The Cities Where A Six-Figure Income Is Barely Enough To Get By

In the Bay Area, there are plenty of mansions for tech millionaires, but nowhere for teachers to live.
These houses in Palo Alto, California, are almost certainly out of your price range. Palo Alto, like the rest of the Bay Area, is so unaffordable that the city is looking at the possibility of subsidizing housing for families making incomes over $120,000.
These houses in Palo Alto, California, are almost certainly out of your price range. Palo Alto, like the rest of the Bay Area, is so unaffordable that the city is looking at the possibility of subsidizing housing for families making incomes over $120,000.
Nancy Nehring via Getty Images

The Bay Area housing crisis is so severe that a six-figure income might not be enough to find a place you can afford to live.

The tech boom has brought jobs, new residents and economic success to Silicon Valley and surrounding cities, but it’s also heightened the housing shortage and increased rents, resulting in waves of evictions and displacement.

As communities across the Bay Area try to stem the crisis, Palo Alto and Oakland are considering ways to keep or attract families making over $100,000, worrying some advocates that needier residents will suffer.

Palo Alto is looking at different options to expand affordable housing across the board, including for “moderate-income” households. Families making between 80 and 120 percent of the area median income are considered to have moderate income, around $128,000 in Palo Alto, according to Pilar Lorenzana-Campo, policy director for Silicon Valley organization SV@Home.
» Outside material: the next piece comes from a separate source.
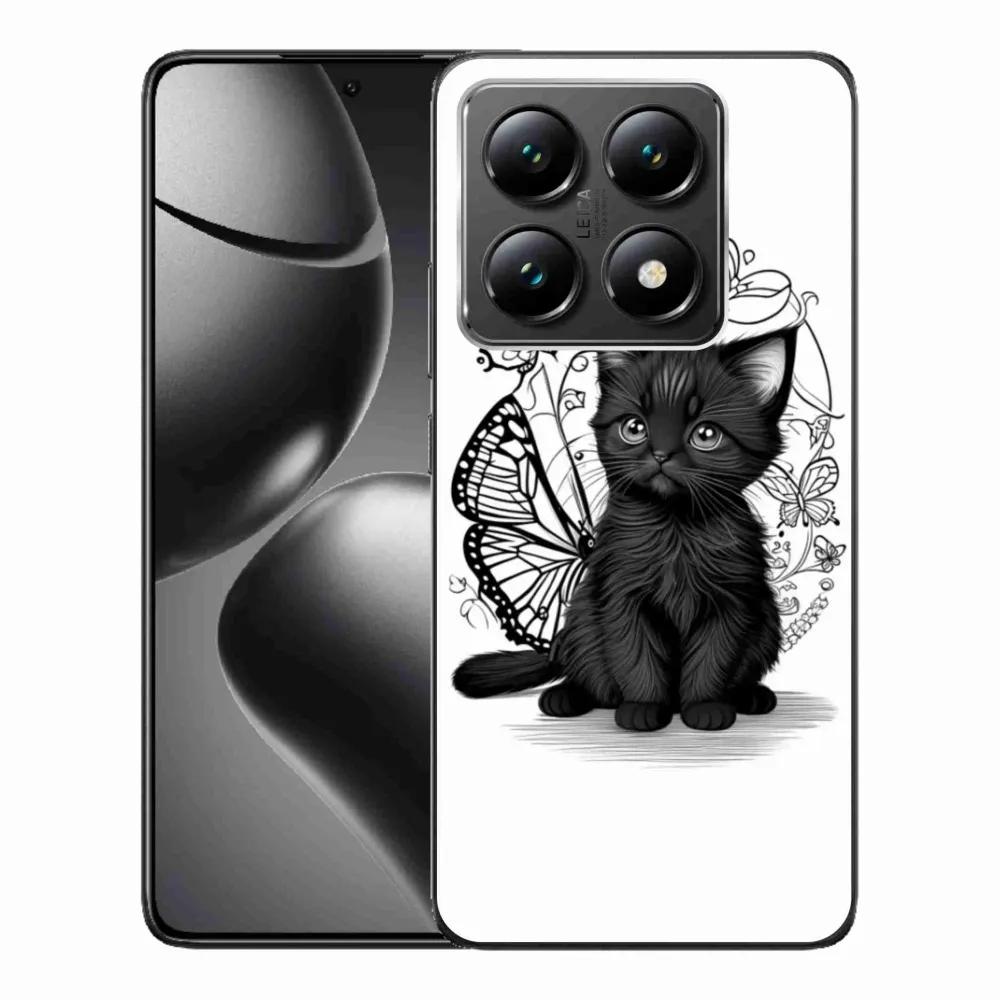 Pružný gélový obal mmCase s obrázkom na Xiaomi 14T - čierne mačiatko

Meanwhile, the national median household income is less than half that.

“I think for the rest of the country, hearing that we have an affordable housing need for households that make $120,000 a year is kind of hard to relate to,” Lorenzana-Campo said. “People are really shocked to hear that professionals, teachers or firefighters, don’t have the ability to afford market-rate rents in our communities.”
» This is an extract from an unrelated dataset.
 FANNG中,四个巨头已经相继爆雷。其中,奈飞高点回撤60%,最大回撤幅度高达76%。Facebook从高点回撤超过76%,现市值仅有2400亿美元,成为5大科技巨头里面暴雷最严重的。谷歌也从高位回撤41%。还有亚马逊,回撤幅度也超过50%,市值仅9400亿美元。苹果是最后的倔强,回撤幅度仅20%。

The median rent in Palo Alto is $5,750, according to real estate listing site Trulia, making it increasingly difficult for those outside the high-earning tech industry to afford.

NPR recently profiled teachers around the country working in expensive communities, including Tara Hunt, who commutes two hours to her job at a Palo Alto elementary school and wishes she could move closer.

"This is where all the tech jobs are. And it's pushing out your community helpers," she said. "The cost of living just keeps going up and up."

Hunt, who has taught for 16 years, told NPR she spends more than half of her income on rent.

Lorenzana-Campo commended Palo Alto’s efforts to address affordability.

“But I think they will need to do more, especially if they want to ensure low-income households can continue to live in Palo Alto,” she added.

Oakland is considering changing the thresholds for a few affordable housing programs to include moderate-income households and higher, which works out to incomes above $100,000.

They’re looking to introduce impact fees, which would require developers of new market-rate apartments to pay into a fund aimed at creating housing for low- and moderate-income families making up to $101,100 for a family of three, according to East Bay Housing Organizations Policy Director Jeffrey Levin.

“A family of four with two teachers as parents -- that is who we’re trying to house,” Oakland Councilwoman Annie Campbell Washington said at a recent meeting, according to East Bay Express. “It’s very important for me to keep our teachers here in Oakland.”

Two other programs would have their income limits increased to 150 percent of the area median income, or $126,400 for a family of three.

Oakland now consistently ranks as one of the most expensive rental and home-buying markets. Market rents have nearly doubled in the last five years, while the median income has increased by just over 11 percent.

But there’s been sharp criticism from housing advocates who believe the proposals would divert assistance from a significant population of low-income residents. The proposed income limits are based on data that applies to a larger, more prosperous area than Oakland alone, and the median income for renters is only about $40,000, Levin said.

“During the time that [the impact fee proposal] was being developed the assumption by everyone was that the city was going to target these monies to ... low- and very low-income households who face the most severe housing needs,” he said. “They have the biggest housing cost burden; they’re much more likely to be overcrowded and to be living in substandard housing, and so we were pretty surprised.”

Displacement has been an ongoing issue for Oakland as rents rise and newcomers and people in pricier nearby cities like San Francisco look for more affordable options, and it's possible that the proposed changes could have the unintended effect of furthering displacement, if they attract newcomers.

“We’re not trying to pit low-wage workers against moderate-wage earners, that’s not our intent,” Levin said, adding that he thinks the city can explore other options for increasing housing for people in the middle. “It’s about making some really difficult policy choices about what to do with our scarce resources and who has the worst need.”